As you read these lines, one race takes place. The most beautiful yet vicious beyond recognition, it is without a single rule. The average odds to win are 0.0000005 percent. Only one competitor shall prevail, others will expire. None would consider to participate, let alone gamble or bet on the outcome. Hell no.

Yet again, the race has been held for over 50,000 years with 108 billion editions. We’re not only voluntarily contestants but regular bettors as well. When it comes to race prelude, we’re crazy about it.

No one has ever seen this ultimate competition. We intend to take you there.

Just imagine it for a moment.

The 200 million runners negotiate close to 24 miles of slippery, sticky, and rocky course. That’s few miles short of the marathon race.

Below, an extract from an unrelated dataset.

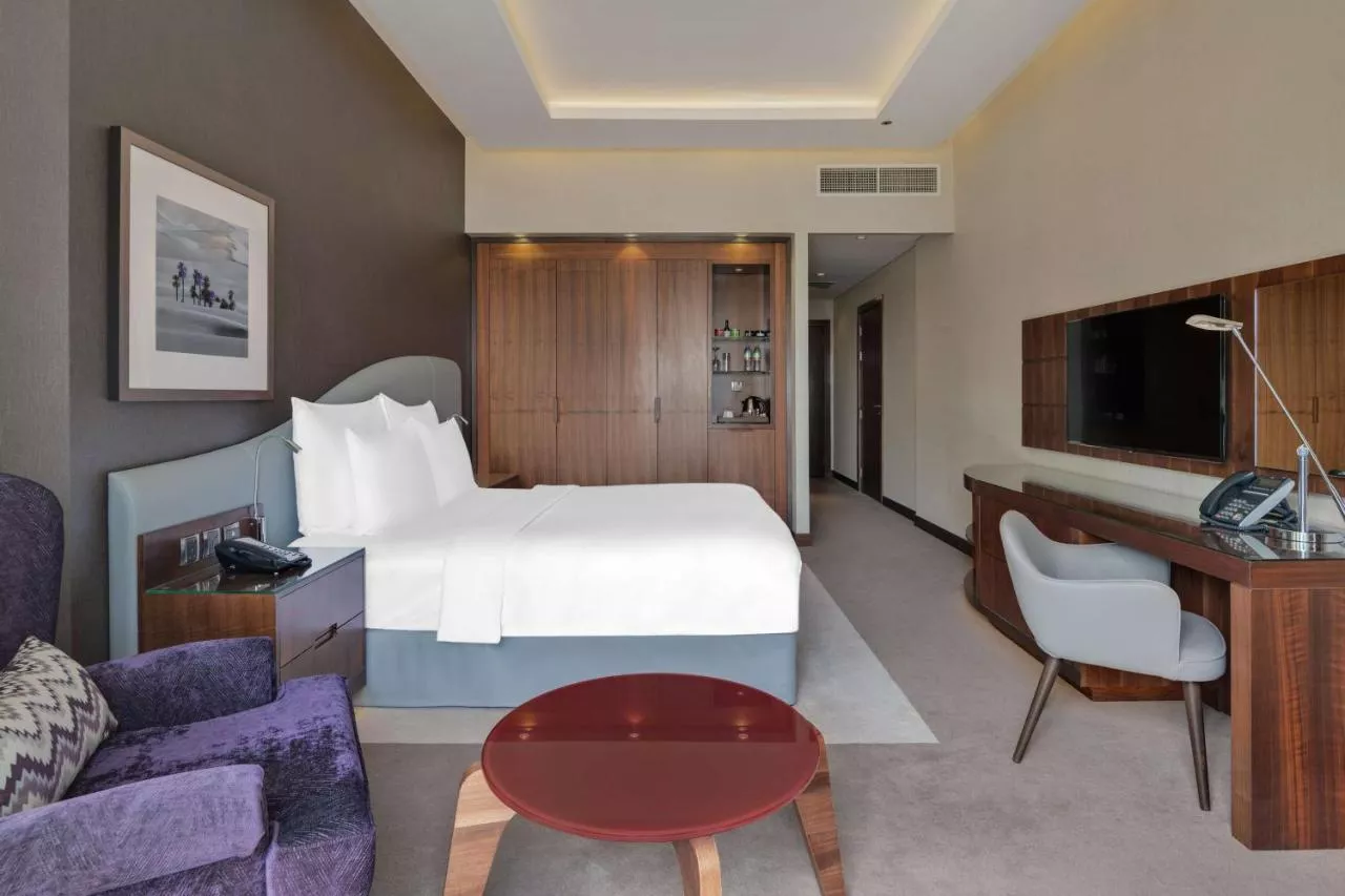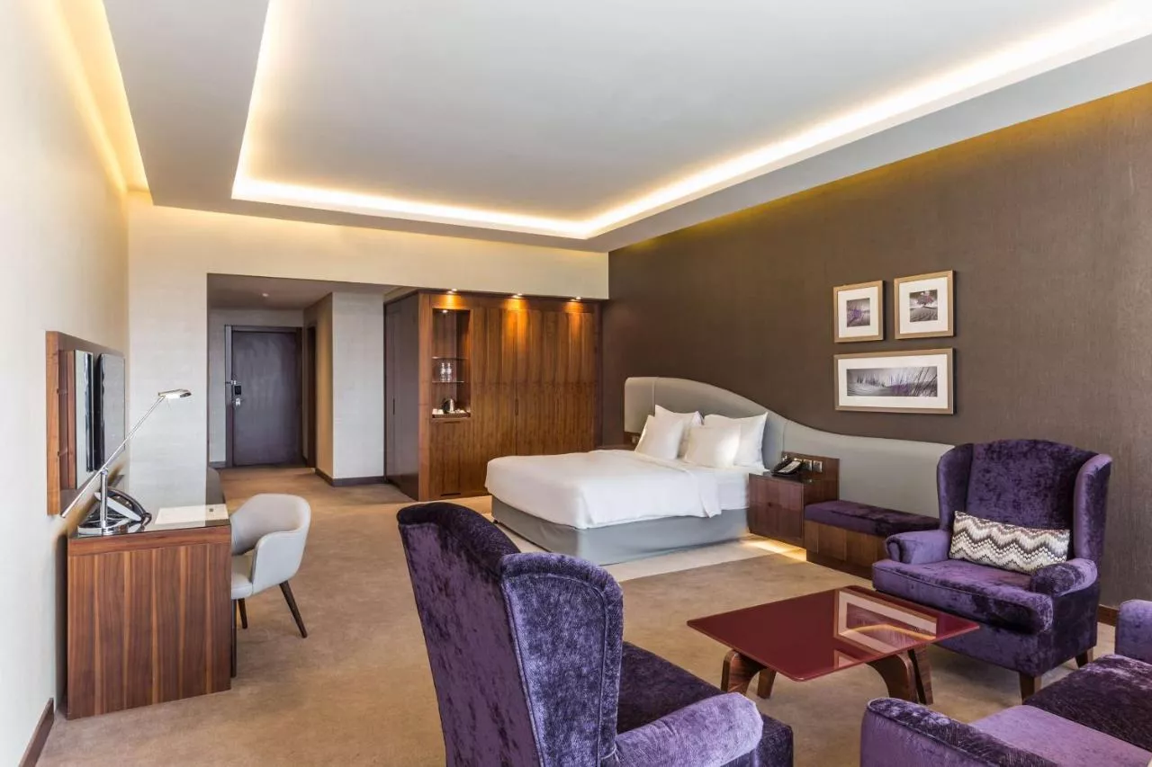 Aceste suite oferă zone separate de dormit și de living. Cu o baie bine echipată, cu duș cu efect de ploaie, halat de baie și papuci, Suitele Junior vă permit să vă relaxați și să vă bucurați de sejur. De asemenea, beneficiați de acces exclusiv la Business Class Lounge, unde vă așteaptă gustări și băuturi răcoritoare. Această cameră dublă are 2 televizoare cu ecran plat cu WiFi gratuit, pentru ca oaspeții să se poată bucura de programele de divertisment favorite, halate de baie, izolare fonică și aer condiționat.

The race track has variable width, from tens to hundreds of feet; close to the finish line, it funnels down to approximately 3ft. There are walls, too. Greasy yet gluey, they will result in grinding halt the moment you touch them. Same goes for the ceiling.

There are no rules, regulations, fair play in this race. None.

You’re on your own.

The competition will do whatever it takes to bring you down or use to their own benefit. Pierre de Coubertin would cringe, Affiliate Guard Dog would dedicate the whole subdomain to this challenge only.

The race environment is hostile from the onset in an uncompromisingly terminal manner with only one item on the agenda — to root out the weakest by any means necessary.

It will change appearance to deceive you, alter shape to strand you, modify the surface to entangle you, pour acidic chemicals to dissolve you, send swarms of aggressors to decimate you. eCOGRA would run permanent recruitment ad just to keep the track of grievances happening in this jurisdiction.

Just kidding. There is no jurisdiction here — you have no shelter or support whatsoever.

Your coach won’t be there, no empathy or relief as you compete. Nor will be your fans. As a matter of fact, there are no spectators in this race. No cheers, shouts, or sights to recharge you. If you’d to ask about players’ protection or Certified Fair Gambling, you’d get blink from the race organizer. Only, you couldn’t see it — the race happens in a pitch black dark.

In the end, there is just one spot at the podium.

No second or third place, no rankings whatsoever. No consolation prize; the organizer never heard of honorable mentions. If you’re not the winner there is no life to be lived to fight another day.

You either triumph or perish. You are on the podium or you are literally dead. Quite RTP.

Would you participate in such a race? Would you take your chance, make a bet?

Gambling Attrition

The intriguing part? For you to become and do whatever you do in your life, someone did exactly that.

For you to place d’Alembert at roulette or to build wagering bridge on river in Texas hold’em, for you to call carte at baccarat or to win two grand on crazy spins, someone won in this race.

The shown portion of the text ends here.